◆ **MATERIAL SHOWN**:
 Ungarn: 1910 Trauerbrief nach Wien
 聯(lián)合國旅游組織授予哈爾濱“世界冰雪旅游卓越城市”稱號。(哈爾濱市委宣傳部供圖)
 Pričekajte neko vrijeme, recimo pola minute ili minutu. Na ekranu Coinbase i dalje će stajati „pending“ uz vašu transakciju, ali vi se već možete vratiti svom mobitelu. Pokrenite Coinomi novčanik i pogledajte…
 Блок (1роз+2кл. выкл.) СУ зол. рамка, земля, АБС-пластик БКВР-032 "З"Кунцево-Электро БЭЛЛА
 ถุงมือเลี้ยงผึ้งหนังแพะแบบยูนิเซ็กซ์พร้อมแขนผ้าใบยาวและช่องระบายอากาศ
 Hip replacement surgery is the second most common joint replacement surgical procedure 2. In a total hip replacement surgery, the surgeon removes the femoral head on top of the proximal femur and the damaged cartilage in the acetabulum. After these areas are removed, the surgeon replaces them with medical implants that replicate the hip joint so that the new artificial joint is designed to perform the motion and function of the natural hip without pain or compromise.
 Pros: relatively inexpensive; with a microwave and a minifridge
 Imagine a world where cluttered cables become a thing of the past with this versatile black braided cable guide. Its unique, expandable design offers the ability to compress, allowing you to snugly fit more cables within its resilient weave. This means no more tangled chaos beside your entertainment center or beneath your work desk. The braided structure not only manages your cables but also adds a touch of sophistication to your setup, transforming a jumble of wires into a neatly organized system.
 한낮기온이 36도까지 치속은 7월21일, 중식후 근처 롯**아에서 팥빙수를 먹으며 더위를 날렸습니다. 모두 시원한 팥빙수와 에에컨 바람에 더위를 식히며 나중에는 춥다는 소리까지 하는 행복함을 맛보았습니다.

--

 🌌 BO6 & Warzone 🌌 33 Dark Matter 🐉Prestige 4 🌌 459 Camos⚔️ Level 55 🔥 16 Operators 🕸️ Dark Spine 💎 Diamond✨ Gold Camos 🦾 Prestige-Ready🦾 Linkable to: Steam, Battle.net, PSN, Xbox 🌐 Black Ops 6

==

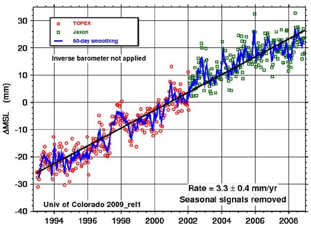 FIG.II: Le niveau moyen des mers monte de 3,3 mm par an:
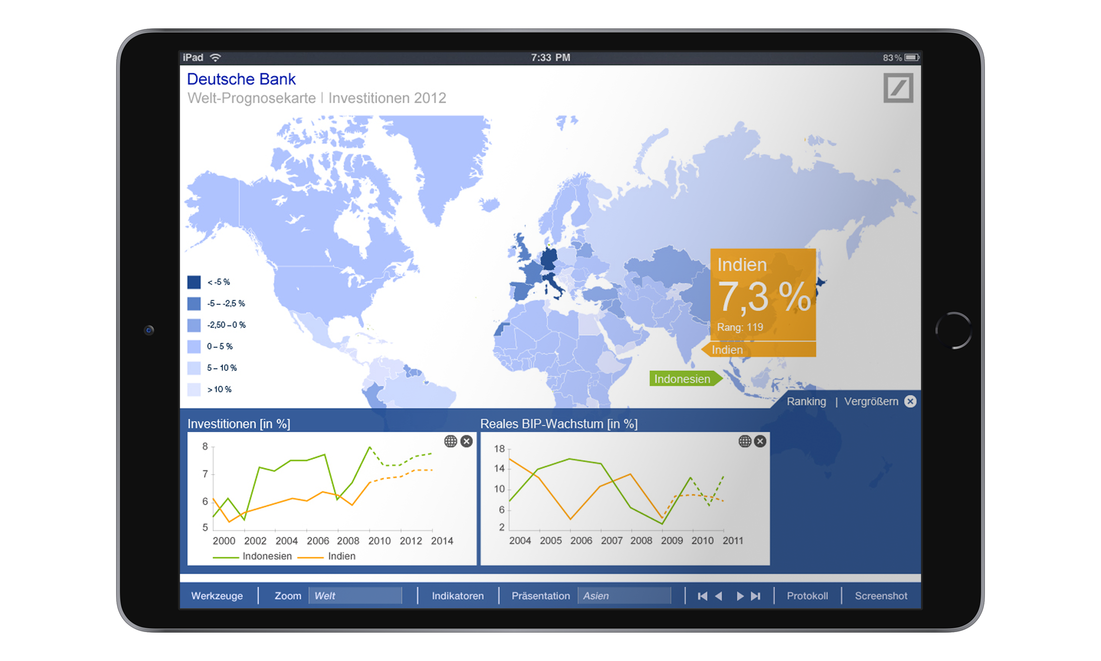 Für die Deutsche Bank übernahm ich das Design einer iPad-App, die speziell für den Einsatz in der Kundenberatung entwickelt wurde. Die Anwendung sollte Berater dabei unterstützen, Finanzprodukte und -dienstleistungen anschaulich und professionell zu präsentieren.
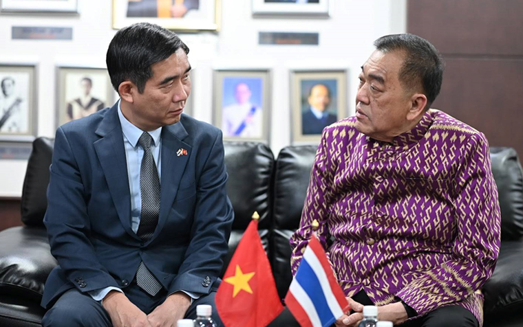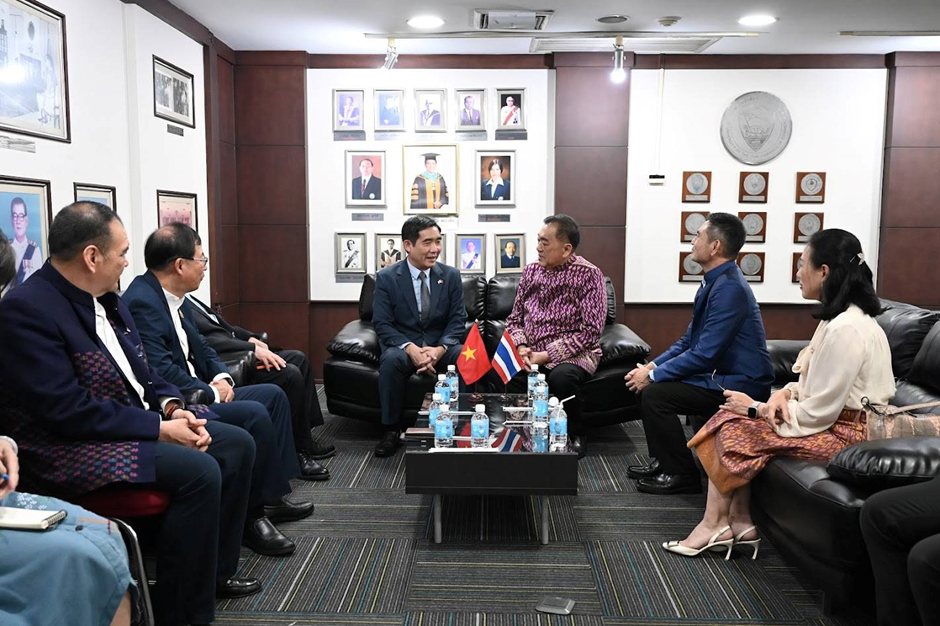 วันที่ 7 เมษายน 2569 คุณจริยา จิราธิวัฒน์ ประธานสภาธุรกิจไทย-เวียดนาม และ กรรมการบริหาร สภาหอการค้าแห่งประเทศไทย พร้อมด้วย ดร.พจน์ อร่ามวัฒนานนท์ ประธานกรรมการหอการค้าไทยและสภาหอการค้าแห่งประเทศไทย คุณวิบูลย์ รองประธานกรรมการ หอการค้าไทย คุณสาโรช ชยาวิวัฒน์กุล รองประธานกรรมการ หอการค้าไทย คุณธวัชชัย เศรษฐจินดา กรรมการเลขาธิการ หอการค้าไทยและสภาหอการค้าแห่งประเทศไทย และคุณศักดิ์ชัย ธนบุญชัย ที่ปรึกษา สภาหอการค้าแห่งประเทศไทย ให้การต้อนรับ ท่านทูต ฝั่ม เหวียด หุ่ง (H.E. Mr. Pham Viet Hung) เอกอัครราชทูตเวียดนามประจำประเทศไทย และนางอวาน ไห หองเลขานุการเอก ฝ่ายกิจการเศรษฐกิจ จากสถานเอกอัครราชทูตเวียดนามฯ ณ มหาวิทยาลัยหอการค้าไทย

◆ **TASK STATEMENT**: Using the data above, reproduce exactly the lines between those holding "聯(lián)合國旅游組織授" and "ถุงมือเลี้ยงผึ", inclusive, and no others.

◆ **SOLVED EXERCISE**:
 聯(lián)合國旅游組織授予哈爾濱“世界冰雪旅游卓越城市”稱號。(哈爾濱市委宣傳部供圖)
 Pričekajte neko vrijeme, recimo pola minute ili minutu. Na ekranu Coinbase i dalje će stajati „pending“ uz vašu transakciju, ali vi se već možete vratiti svom mobitelu. Pokrenite Coinomi novčanik i pogledajte…
 Блок (1роз+2кл. выкл.) СУ зол. рамка, земля, АБС-пластик БКВР-032 "З"Кунцево-Электро БЭЛЛА
 ถุงมือเลี้ยงผึ้งหนังแพะแบบยูนิเซ็กซ์พร้อมแขนผ้าใบยาวและช่องระบายอากาศ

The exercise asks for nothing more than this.